Handling bytes consistently and correctly has traditionally been one of the most difficult tasks in writing a Py2/3 compatible codebase. This is because the Python 2 bytes object is simply an alias for Python 2’s str, rather than a true implementation of the Python 3 bytes object, which is substantially different.

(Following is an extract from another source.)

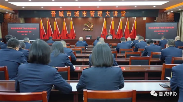 北京盈科(晋城)律师事务所刑事法律服务中心主任郭剑律师在晋城市城市管理局开展《反有组织犯罪法》专题宣讲。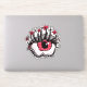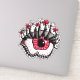 Trippy eye sticker with a digital illustration depicting a creepy red eye with eyelashes which have their own eyelashes and are ending in flowers red and grey flowers over cheerful blue background. When sometimes your eyes are so strained that you are sure they will melt in the next three seconds. This psychedelic design is just for you if you like bright colours and weird art.

future contains a backport of the bytes object from Python 3 which passes most of the Python 3 tests for bytes. (See tests/test_future/test_bytes.py in the source tree.) You can use it as follows:
>>> from builtins import bytes
>>> b = bytes(b'ABCD')
On Py3, this is simply the builtin bytes object. On Py2, this object is a subclass of Python 2’s str that enforces the same strict separation of unicode strings and byte strings as Python 3’s bytes object:
>>> b + u'EFGH' # TypeError
Traceback (most recent call last):
File "<stdin>", line 1, in <module>
TypeError: argument can't be unicode string
>>> bytes(b',').join([u'Fred', u'Bill'])
Traceback (most recent call last):
File "<stdin>", line 1, in <module>
TypeError: sequence item 0: expected bytes, found unicode string
>>> b == u'ABCD'
False
>>> b < u'abc'
Traceback (most recent call last):
File "<stdin>", line 1, in <module>
TypeError: unorderable types: bytes() and <type 'unicode'>
In most other ways, these bytes objects have identical behaviours to Python 3’s bytes:
b = bytes(b'ABCD')
assert list(b) == [65, 66, 67, 68]
assert repr(b) == "b'ABCD'"
assert b.split(b'B') == [b'A', b'CD']
Currently the easiest way to ensure identical behaviour of byte-strings in a Py2/3 codebase is to wrap all byte-string literals b'...' in a bytes() call as follows:
from builtins import bytes
# ...
b = bytes(b'This is my bytestring')
# ...
This is not perfect, but it is superior to manually debugging and fixing code incompatibilities caused by the many differences between Py3 bytes and Py2 strings.